1. What is the size of your tank?
150 gal

2. What are your water parameters? State the brand of test kit used.
Ammonia, nitrite, nitrate All 0. ph 7.6 temp 79

3. Is your aquarium set up freshwater or brackish water?
fresh
4. How long the aquarium has been set up?
a week
5. What fish do you have? How many are in your tank? How big are they? How long have you had them?
7 guppys, 2 days
6. Were the fish placed under quarantine period (minus the first batch from the point wherein the tank is ready to accommodate the inhabitants)?
first batch
7. What temperature is the tank water currently?
79
8. Are there live plants in the aquarium?
no
9. What filter are you using? State brand, maintenance routine and power capacity.
aqua pro wet dry sump 1800 gph pump
10. Any other equipment used (aside from heater and filter which are two very important components of the tank)?
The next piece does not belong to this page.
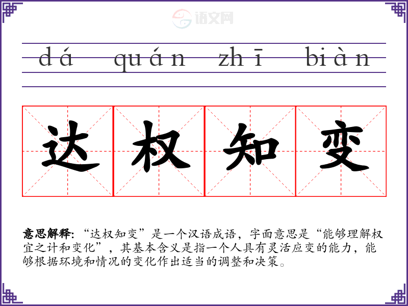 “达权知变”是一个汉语成语,字面意思是“能够理解权宜之计和变化”,其基本含义是指一个人具有灵活应变的能力,能够根据环境和情况的变化作出适当的调整和决策。

11. Does your aquarium receive natural sunlight at any given part of the day? What is your lighting schedule (assuming you do not rely on sunlight for our viewing pleasure)?
no, no real schedule for now
12. When did you perform your last water change and how much water was changed? How often do you change your water? Do you vacuum the substrate?
none yet
13. What foods do you provide your fish? What is the feeding schedule?
tetra flakes
14. What unusual signs have you observed in your fish?
already stated
15. Have you treated your fish ahead of diagnosis? If so, what treatments did you use? State your reasons for planning ahead of proper diagnosis. 
no


----------



## 1077 (Apr 16, 2008)

A couple things strike me, First it is possible that fish were sick when introduced to the tank. I would not spend the money to treat them but rather find a different source for future fish if possible.
I am also suggesting that pH adjusting is not necessary. Unless your pH is below 6.0 or above 8.0 most fish will be fine. I am also thinking that the ammonia you used that caused suds to appear contained surfactants (detergent) and residue from this is still in the tank. Will also be in filter and hoses ,along with substrate and wood. I would hold off adding anymore fish, and remove decorations along with wood and soak them in bleach and water solution for a day and let dry completely. I would remove all filter material and toss it. I would rinse the filter compartment and hoses numerous times with bleach and water solution and then let all items soaked in the solution of bleach and water dry for 24 hours. I would then perform daily or every other day water changes with no filter running for a week. I would then place the filter back in operation with some fresh activated carbon and let the filter run for threeto four days with no fish. I would then replace the carbon with new carbon, and run the tank for another three or four days. This may remove ,dilute,any detergent still in the tank. I would then try adding some more used filter material from a disease free existing tank and perhaps add four or five hardy ,small fish ,such as Danios,(not Giant Danios) and watch these fish for a week or two while feeding sparingly ,once each day. If after a week to ten days,fish are still active and show no sign of sickness,, I might feel safe in slowly stocking the tank with fish that will do well in the tapwater I used for water changes whatever the pH is.
If fish begin to exhibit signs of distress or other problems,Sores,flashing.darting about,, Then I fear I would drain the tank and remove the gravel and replace it withv another. I realize this ain't what you want to hear , but is what I would do. Some might call it cruel.. but you could also try another small group of small active fish and see if they fair any better. If similar problems arise.. I would consider all of the above. Hope you don't have to go through the above mentioned but felt you should have the info if needed. Good luck.


----------



## cerianthus (Jul 13, 2008)

Necessity of pH adjusting should depend on the fish and proper administering of such.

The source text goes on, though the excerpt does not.